## Instructions to follow:
From the data that follows, set down exactly the lines from the one with "2018年在鞍山市文聯(li" through the one with "نام دستگاه خریدار:شرکت", counting both. Pictures stay out.

(Data for analysis begins)

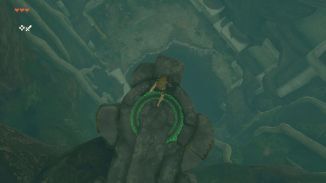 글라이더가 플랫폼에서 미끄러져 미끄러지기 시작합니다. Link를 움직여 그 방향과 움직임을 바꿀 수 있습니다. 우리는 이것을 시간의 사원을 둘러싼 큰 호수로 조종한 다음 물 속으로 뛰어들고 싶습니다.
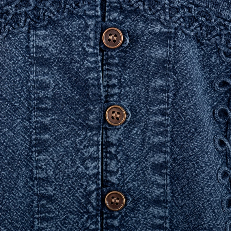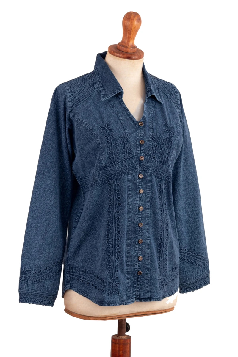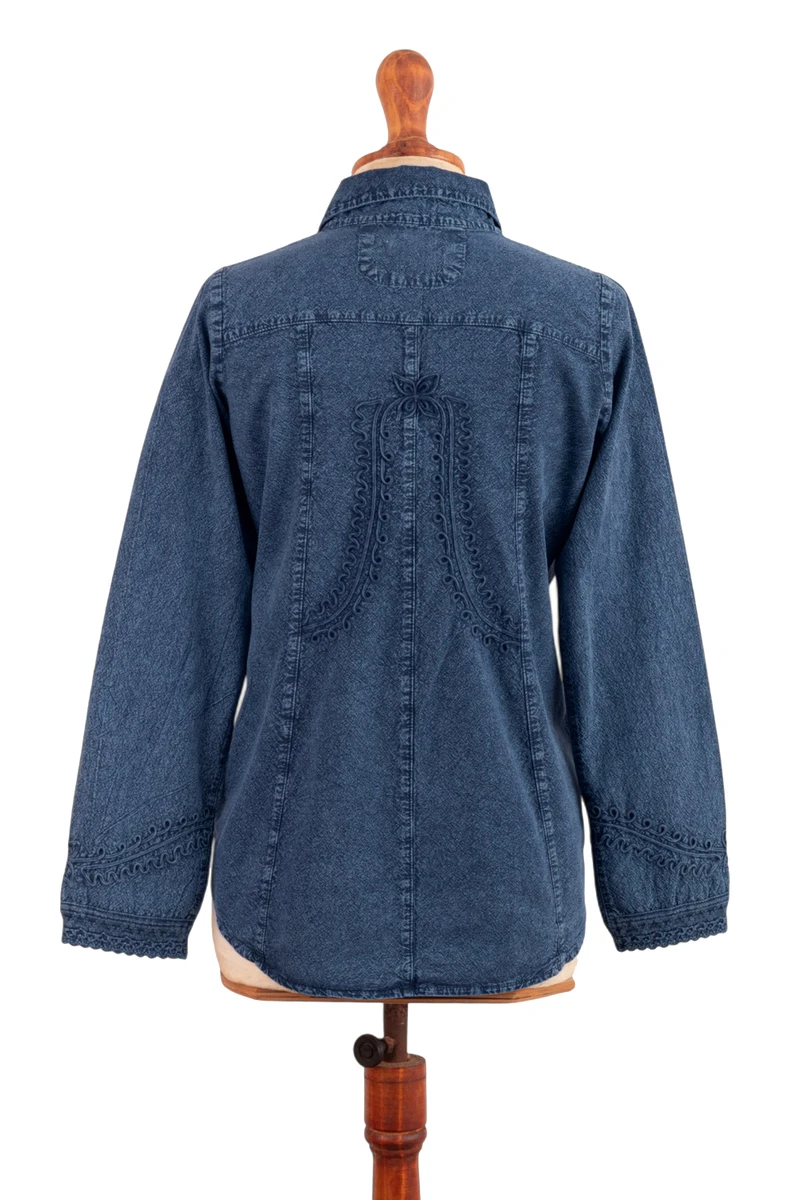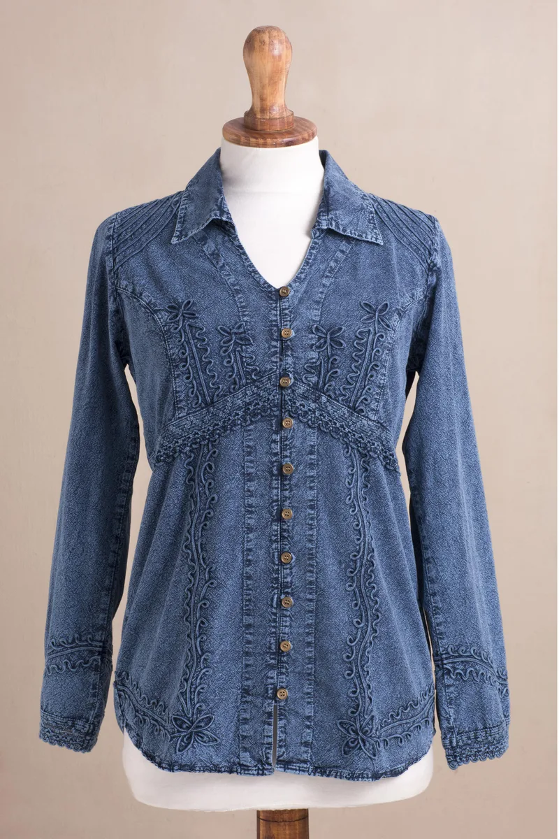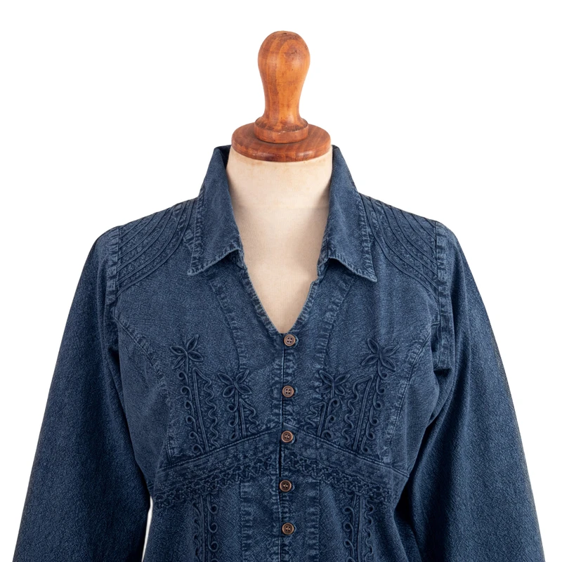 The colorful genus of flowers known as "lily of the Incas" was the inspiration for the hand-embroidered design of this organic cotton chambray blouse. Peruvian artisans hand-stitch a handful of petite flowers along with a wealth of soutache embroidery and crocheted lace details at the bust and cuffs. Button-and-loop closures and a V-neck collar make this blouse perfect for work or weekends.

(Data for analysis ends)
(Data for analysis begins)

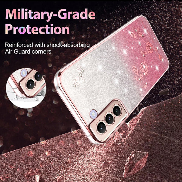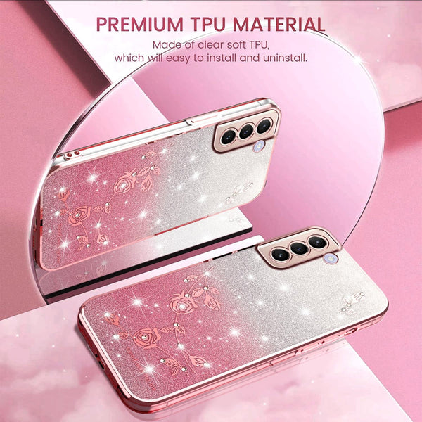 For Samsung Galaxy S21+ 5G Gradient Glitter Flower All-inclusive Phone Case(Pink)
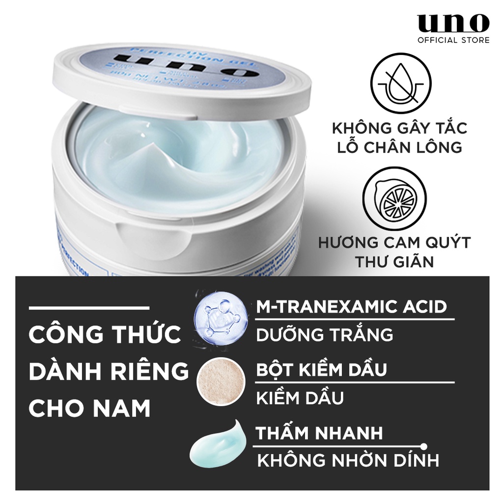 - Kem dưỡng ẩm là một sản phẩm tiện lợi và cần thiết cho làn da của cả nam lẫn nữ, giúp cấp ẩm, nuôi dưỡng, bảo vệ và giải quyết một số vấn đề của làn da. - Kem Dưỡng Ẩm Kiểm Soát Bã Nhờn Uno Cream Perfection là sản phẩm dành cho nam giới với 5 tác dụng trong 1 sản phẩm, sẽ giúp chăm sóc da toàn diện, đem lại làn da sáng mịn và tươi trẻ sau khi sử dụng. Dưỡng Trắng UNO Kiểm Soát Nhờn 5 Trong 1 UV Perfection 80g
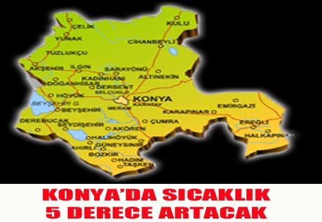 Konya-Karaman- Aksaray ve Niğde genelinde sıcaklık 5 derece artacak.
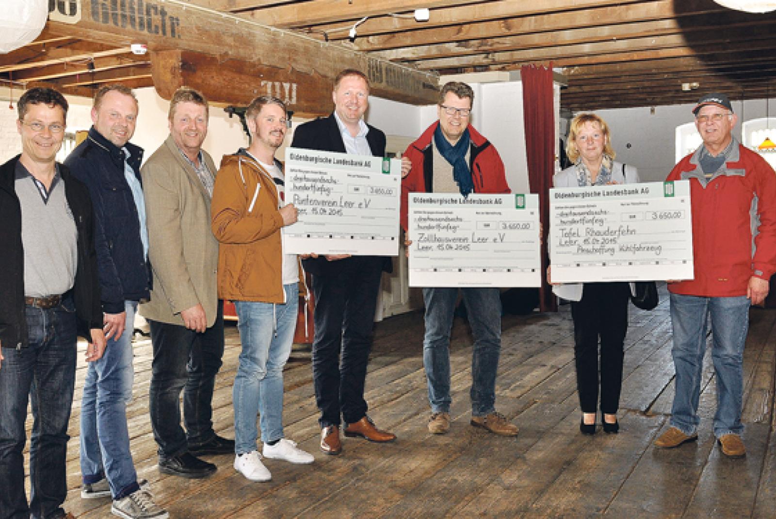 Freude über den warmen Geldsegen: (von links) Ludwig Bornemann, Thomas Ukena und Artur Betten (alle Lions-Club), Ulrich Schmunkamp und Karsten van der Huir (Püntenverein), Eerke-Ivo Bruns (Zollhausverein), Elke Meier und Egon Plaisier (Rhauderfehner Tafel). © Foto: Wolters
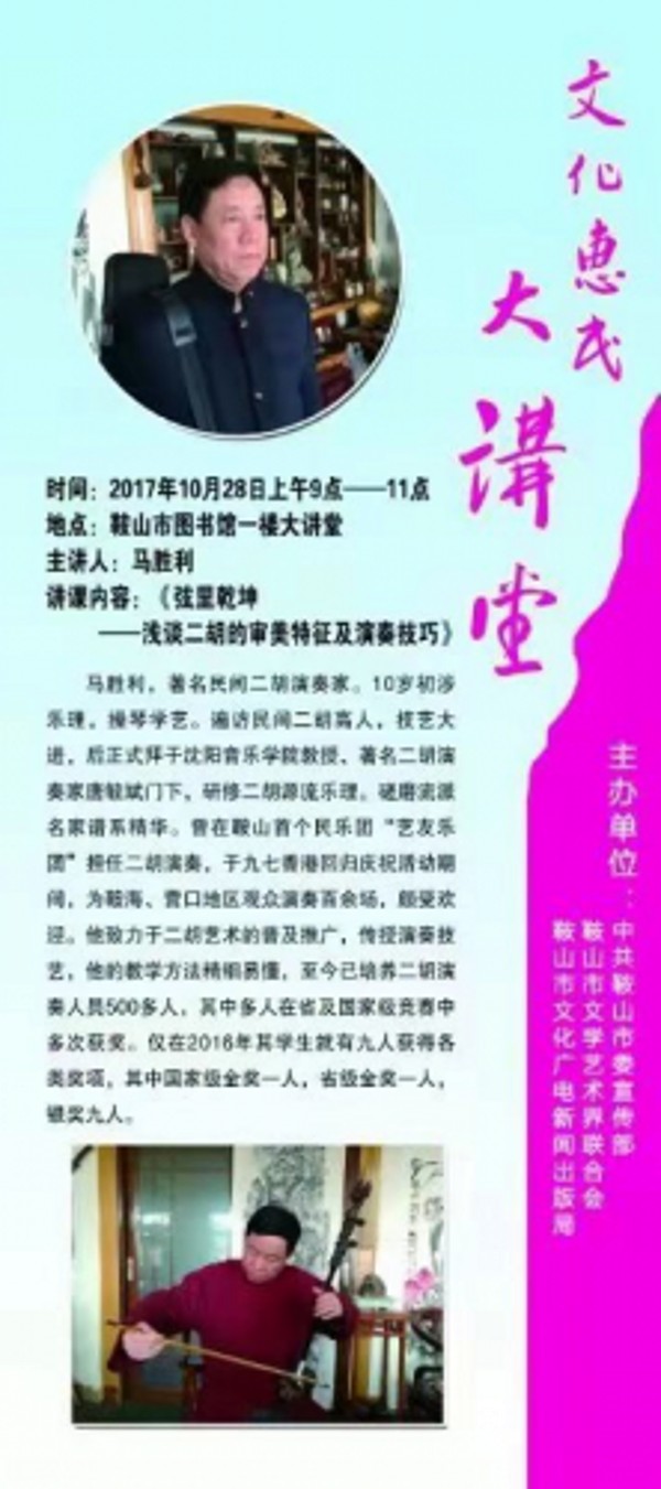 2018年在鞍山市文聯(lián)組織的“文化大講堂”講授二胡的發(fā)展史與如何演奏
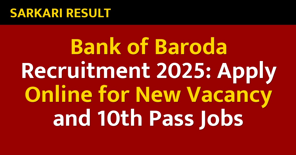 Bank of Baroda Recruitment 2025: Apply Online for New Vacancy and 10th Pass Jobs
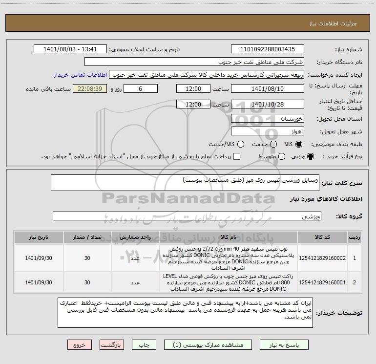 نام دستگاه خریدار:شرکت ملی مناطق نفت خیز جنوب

(Data for analysis ends)
(Data for analysis begins)

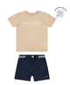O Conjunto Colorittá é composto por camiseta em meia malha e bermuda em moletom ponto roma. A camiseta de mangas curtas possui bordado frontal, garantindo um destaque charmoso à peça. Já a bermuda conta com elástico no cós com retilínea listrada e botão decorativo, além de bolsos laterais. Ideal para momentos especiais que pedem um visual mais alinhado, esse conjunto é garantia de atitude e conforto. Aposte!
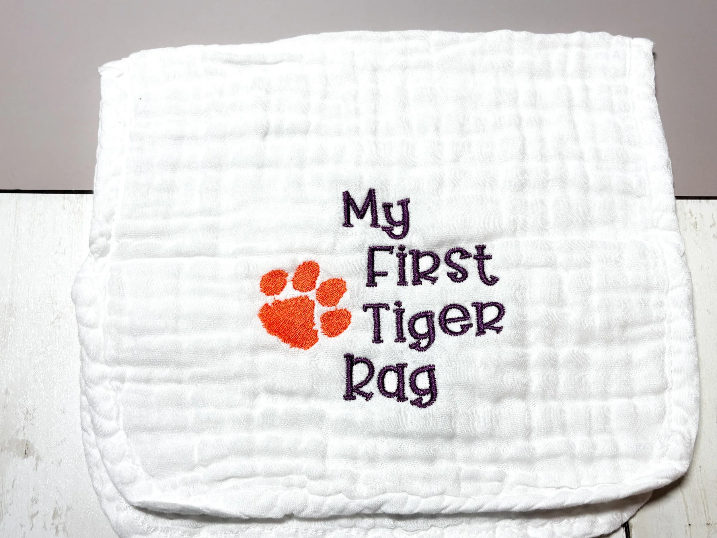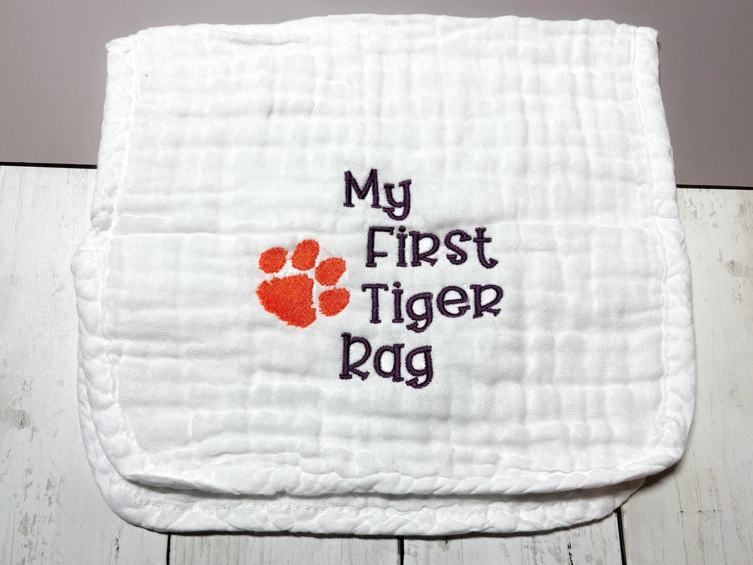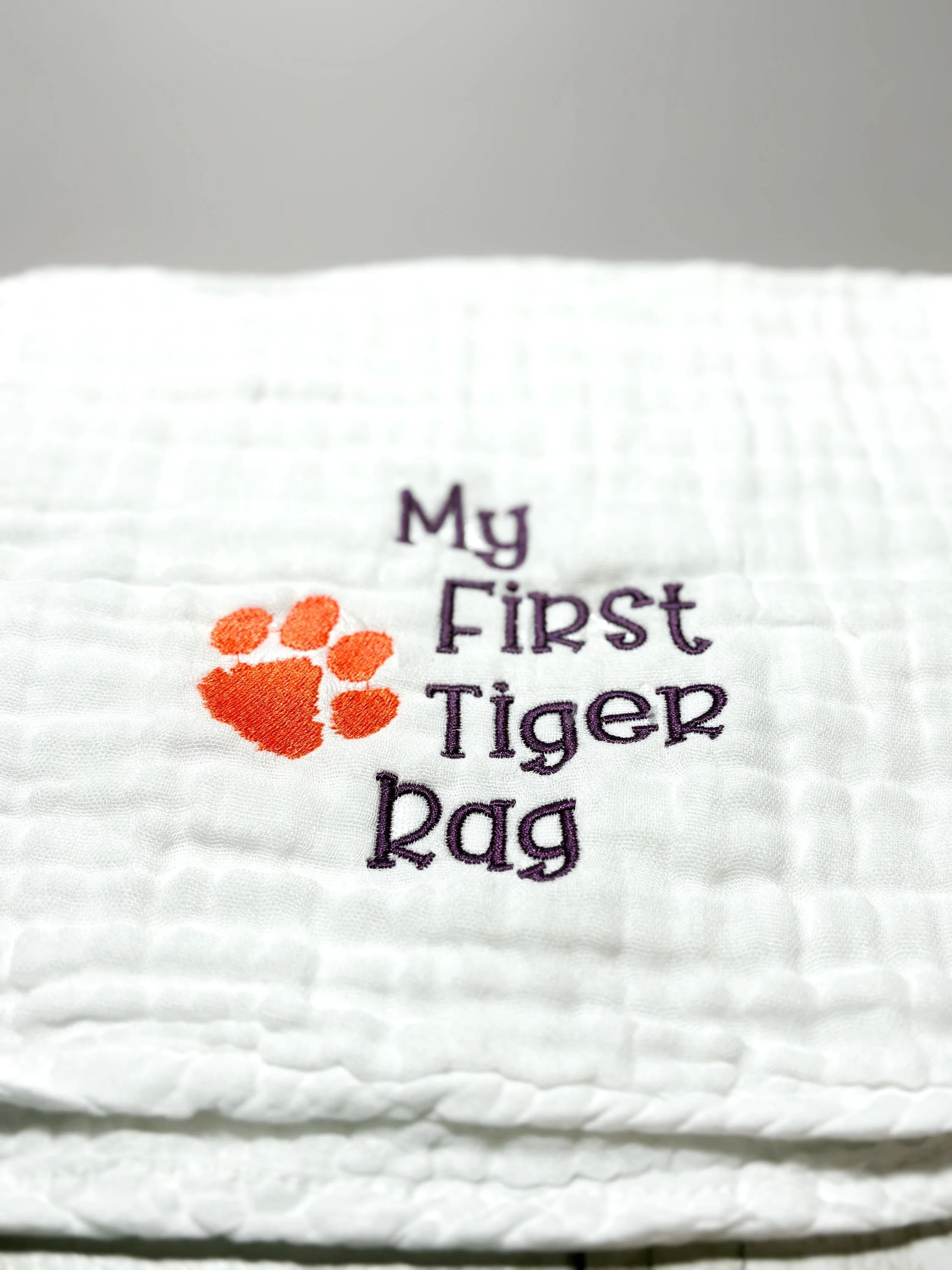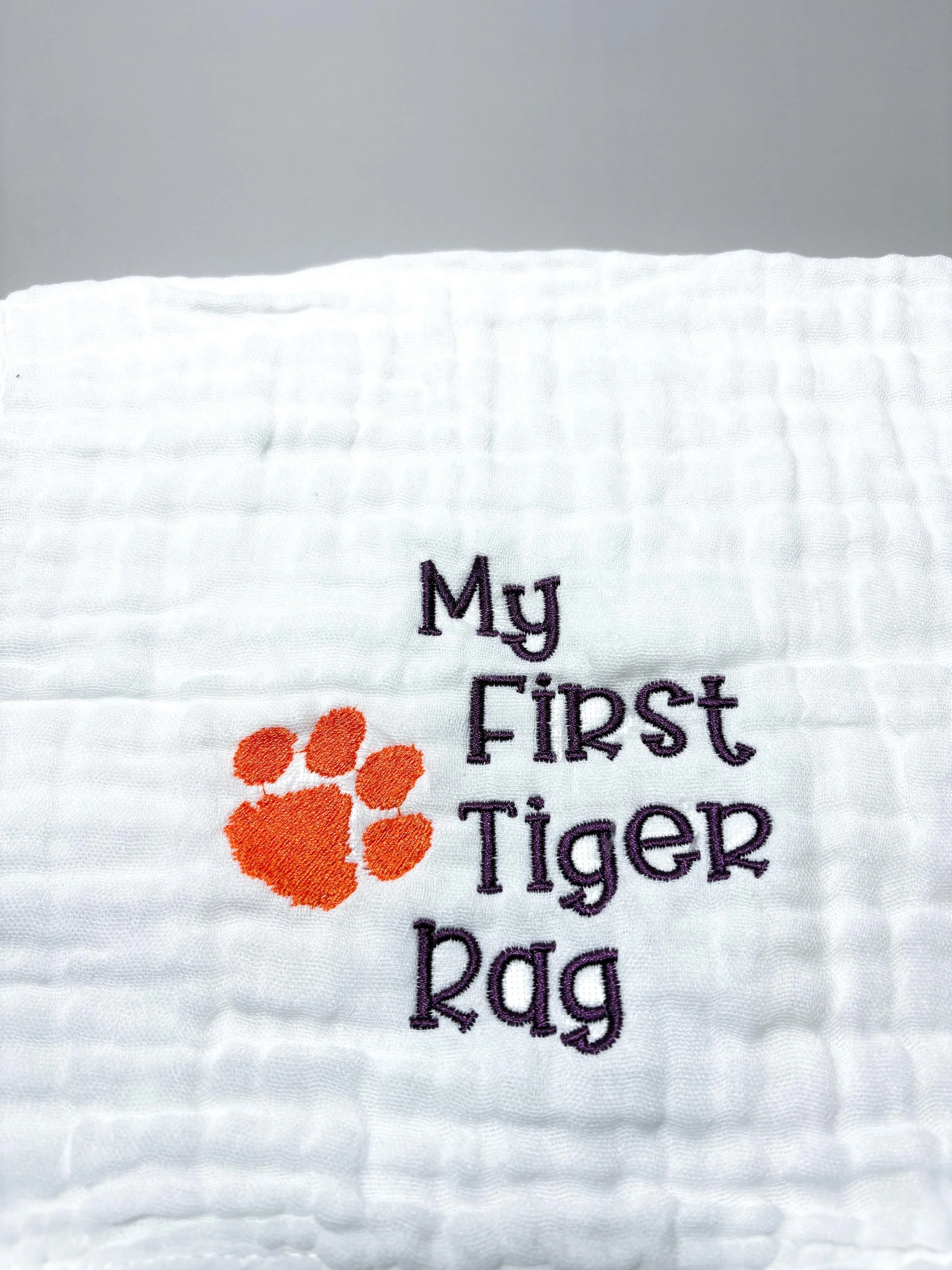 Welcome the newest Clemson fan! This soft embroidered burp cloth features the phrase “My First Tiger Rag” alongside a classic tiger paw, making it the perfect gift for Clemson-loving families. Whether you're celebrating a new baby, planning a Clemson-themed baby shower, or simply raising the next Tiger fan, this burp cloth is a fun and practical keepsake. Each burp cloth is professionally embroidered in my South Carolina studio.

(Data for analysis ends)

## Your response:
 2018年在鞍山市文聯(lián)組織的“文化大講堂”講授二胡的發(fā)展史與如何演奏
 Bank of Baroda Recruitment 2025: Apply Online for New Vacancy and 10th Pass Jobs
 نام دستگاه خریدار:شرکت ملی مناطق نفت خیز جنوب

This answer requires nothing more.